Kavanaugh turns in unnecessarily shameful performance

The bitter fight over Brett Kavanaugh nomination to the Supreme Court probably ends today as it was always going to, with confirmation. His fans will congratulate themselves on winning a fight they were never going to lose.

Kavanaugh will spend the rest of his working life in a marble building in which cameras are not allowed, leaving behind the first and last impression most of the world will ever have of him: a ranting hothead who likes beer.

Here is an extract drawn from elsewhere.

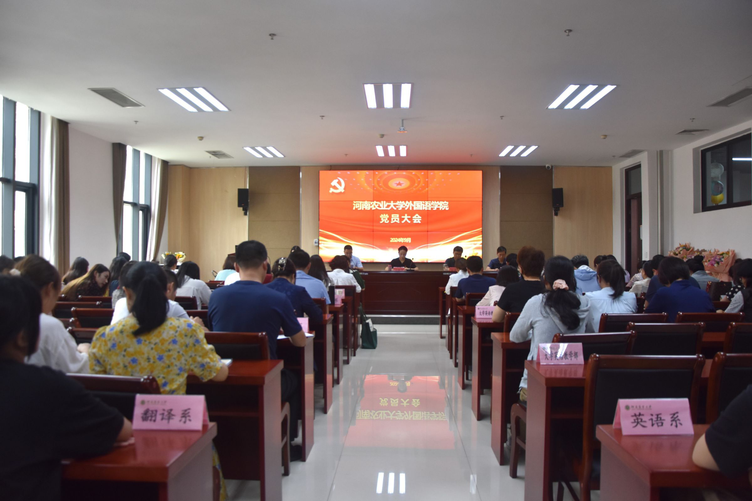 在繁塔楼A324召开党员大会,院党委书记王燕萍、院长张俊杰携全体领导班子成员出席会议,学院全体党员参加会议。会议由院党委副书记杨鑫主持。

Even if the 36-year-old sexual assault he had been accused of had happened yesterday, proving it would have been difficult. There were no bruises or other physical evidence, apparently. And that was the most credible allegation. So, in light of the minuscule risk, one can only wonder what the nominee was thinking when he responded like this on Thursday of last week in front of a Senate committee:

"This whole two-week effort has been a calculated and orchestrated political hit, fueled with apparent pent-up anger about President Trump and the 2016 election, fear that has been unfairly stoked about my judicial record, revenge on behalf of the Clintons, and millions of dollars in money from outside left-wing opposition groups."

I am a political writer in Arkansas. Arkansas is a thoroughly conservative state, but we have some passionate liberals, too. I get emails from angry people quite a bit. I have received emails insisting then-president Barack Obama was a Muslim born in Kenya, typed in all-caps, that sounded more reasonable than Kavanaugh's fuming. I have also received emails about how Sen. Bernie Sanders was robbed of the Democratic presidential nomination that seemed calm by comparison.

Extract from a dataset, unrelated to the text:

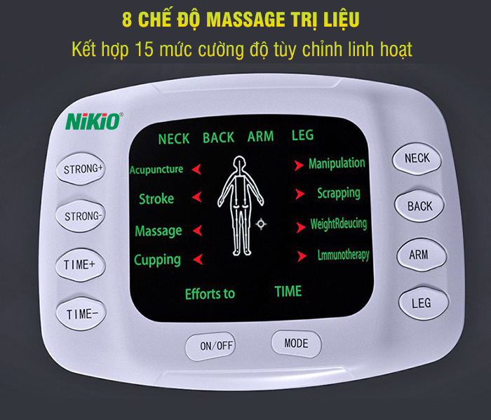 Máy matxa xung điện Nikio NK-105 được thiết kế 8 chế độ massage trị liệu và cho phép bạn thoải mái điều chỉnh cường độ xung điện lớn nhỏ theo 15 mức khác nhau. Bạn có thể điều chỉnh linh hoạt theo sở thích và các triệu chứng đau của mình, để có hiệu quả cải thiện tốt nhất.

His accuser said Kavanaugh was drunk at the time. The nominee drank a lot in college, we have since learned, though few of us wanted to. Yet Kavanaugh downplayed his drinking to the committee, sometimes inexplicably.

Since that testimony under oath, people including his college roommate note how the nominee's heavy drinking was no secret. Then, to the surprise of no one, a letter surfaced in which the young Kavanaugh described himself and his buddies as "loud, obnoxious drunks with prolific pukers among us."

When I was young and stupid, I was young and stupid, as many a man has said. Here is what Kavanaugh should have told the committee: "I was young. I was stupid. I drank too much. But I never tried to rape anyone. I never drank to the point that I could not remember what happened. There are no lost hours of my life."

If that was true, good. If that was false, well, it would have been a better lie than the ones he told. No one could refute it.

I do not care how much beer Kavanaugh drank in college. I also do not care a great deal about raunchy, embarrassing things in his yearbooks. I do care about people going to the Supreme Court after spouting conspiracy theories and, to put it mildly, being less than candid while under oath.

Pointing out he lied about his drinking "moves the goalposts," Kavanaugh's defenders say. I cannot speak for everyone, but not lying while under oath has been a goalpost of mine for as long as I can remember. Not spouting angry, irresponsible and paranoid "vast right-wing (or left-wing) conspiracy" theories is another.

This just in: In public life there are often more than one set of goalposts. Besides, this is much more of an "out of bounds" problem than a "moving goalpost" problem. Kavanaugh clearly went out of bounds while running for the end zone. That matters, or rather it should have, but the referees are on his side.

Kavanaugh supporters claim his angry rant was justified because of the loathsomeness of what he was accused of doing. OK. I can see being infuriated at such an accusation when it came out. But the most credible allegation was 10 days old by the time of his committee testimony. Kavanaugh had time -- and reason -- to compose himself.

I do not believe for one second that Kavanaugh lost his temper and could not find it for a week and a half. His performance before the Senate committee and the cameras was political theatrics at their worst: Confirm me or you will be portrayed as suckers in a Democratic smear job. He committed calculated, scripted, televised political blackmail.

He never needed to. He did it anyway.